Nevermind, lets just seek him, lets put all our work worries, our sicky feeling, our happy thoughts, our plans for the next day and just come and worship before Him.

 

And I prayed. I started off by quietly calming my mind from all my humanly thoughts and boy was it a abit of tough effort in the beginning. I just had so many thoughts buzzing through my brain ; praise songs going blaring through the inside of my mind, but I was persistent and patient. Eventually after praying in tongues for abit, I could concentrate better.

 

I then begin by crying out to God for mercy and for forgiveness. I don’t know what made me do this because I usually start off by heaps of praises before God. Even though I felt I didn’t commit any major sin over the last few days, I still cried out before God. I was then reminded of the verse Found in Ps 51:17. The Lord desires a broken spirit, a broken spirit, the Lord will not despise.

 

I went on crying out to the Lord for mercy, and for forgiveness…and half way through I started asking God to show me His glory. I begged God to come down, and just show me His glory. I think this is one of the hardest plea I had ever cried out to God.
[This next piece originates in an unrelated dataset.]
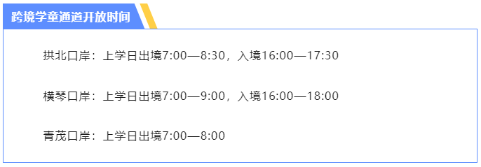 跨境學(xué)童通道開(kāi)放時(shí)間。圖片來(lái)源:珠海邊檢總站官方微信截圖

I just wanted to see Him, and though I’ve always gotten some experience, nothing really matched to what I witnessed last night.

 

As I prayed really hard for God to show me His glory, suddenly I had this vision of this super bright light. Its radiant light was far stronger than the sunlight and it was so strong I just begin to tightly shut my eyes and immediately I went flat down and just begin to worship Him, crying out Truths about Him. I begin to cry out in my heart all the glorious names and titles of the Lord. And as I was flat down, I could still feel the light’s strong presence and it was such a surprising experience for me till I couldn’t open my eyes for some minutes. I just literally couldn’t open my eyes! I tried but they wouldn’t seem to come up. I am convinced that God was presence, He came with a powerful light and He blinded me for a moment there. When I felt I couldn’t open my eyes, I knew I was in His spirit, I knew that this is what I had wanted…and so sitting cross-legged on my bed with my head face down, I just assumed that position for some time.

 

By the time the whole experience was over, only 20 minutes had passed, but boy that 20 minutes had to sure be one of the best thing that had ever happened to me!

 

All it needed was just some effort on my part to concentrate on God and submission to His Spirit.  Now if 20 minutes can do so much…I wonder what 45 minutes can do?

 

I really don’t know, but I’m pretty sure He knows 😉

Sex, Lusts and the Holy Spirit!

I probably had one of the most insightful and thought-provoking discussions with my group of friends over the weekend. These friends are actually my work colleagues, whom I had previously spoken about in my earlier entries (Read Pilot Part 2: My New Found World).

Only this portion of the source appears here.